Die weltweite Energiewende ist nicht nur machbar, sie ist auch nicht mehr aufzuhalten. Das verdeutlicht die neue WWF-Analyse zu den »Megatrends« auf dem globalen Energiemarkt. Das wohl bemerkenswerteste Ergebnis: »Das Ende der Fossilen ist weltweit unausweichlich«, sagt Viviane Raddatz, Leiterin Klimaschutz und Energiepolitik beim WWF Deutschland. Seit der Unterzeichnung des Pariser Klimaschutzabkommens 2015 ziehen immer mehr Finanzorganisationen, Investoren und Unternehmen ihr Kapital aus großen Kohle-, Öl- und Gaskonzernen ab. Gleiches gilt für viele Regierungen, die Klimaneutralität für ihr Land anstreben. Und die Kostenvorteile der regenerativen Stromerzeugung werden mit steigenden Preisen für CO2-Emissionen weiter zunehmen.
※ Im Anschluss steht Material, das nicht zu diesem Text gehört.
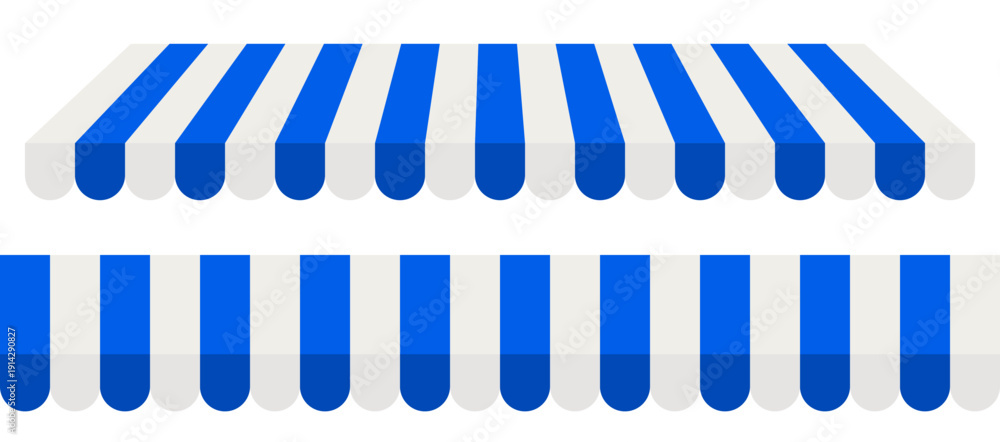 Fototapeta na wymiar - Blue and white striped shop awning. Vector illustration of a store or market canopy isolated on transparent background..
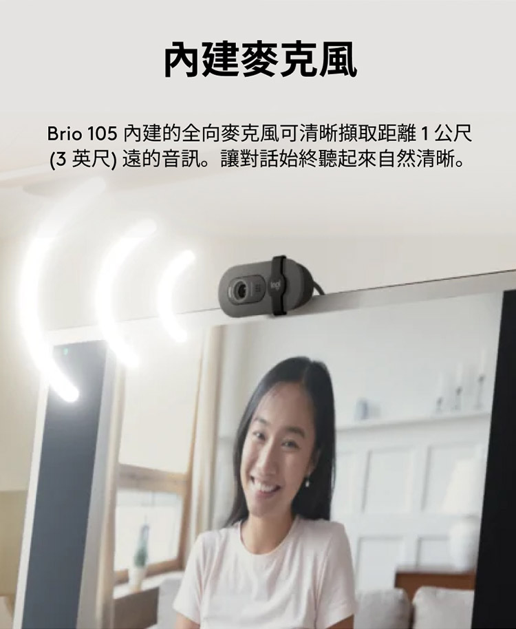 Brio 105 內建的全向麥克風可清晰擷取距離 1 公尺 (3 英尺) 遠的音訊。

»Investitionen fließen zum Großteil nur noch in Erneuerbare«, stellt Viviane Raddatz fest. Laut WWF-Report dominieren sie klar den Zubau neuer Stromerzeugungskapazitäten: Mehr als 80 Prozent der weltweit neu installierten Leistung waren 2020 erneuerbar. Die rund um den Globus installierte Windenergieleistung hat sich zwischen 2014 und 2020 verdoppelt, die der Photovoltaik fast vervierfacht. Erneuerbare Energien würden auch das Rückgrat für eine elektrische Wärme- und Verkehrswende bilden, erläutert die Klimaexpertin die weiteren Trends. Entwicklungen wie etwa beim grünen Wasserstoff könnten dabei helfen, auch die letzten Meter zur Klimaneutralität in der Industrie und beim Flugverkehr zurückzulegen.
Auffällig: Selbst Regierungen, die den Klimaanstrengungen ablehnend gegenüberstanden, konnten die Energiewende nach Paris nicht mehr stoppen. So ging etwa unter Donald Trump in den USA mehr Kohlestrom vom Netz als unter George W. Bush oder Barack Obama – und das trotz seines lautstarken Einsatzes für die Kohleindustrie. Zudem wurden unter Trump die mit Abstand meisten Wind- und Solaranlagen in Betrieb genommen. Der Grund: US-Bundesstaaten wie Kalifornien, aber auch viele große Unternehmen setzten ihre Klimaschutzanstrengungen ungeachtet der Vorlieben des Präsidenten einfach fort.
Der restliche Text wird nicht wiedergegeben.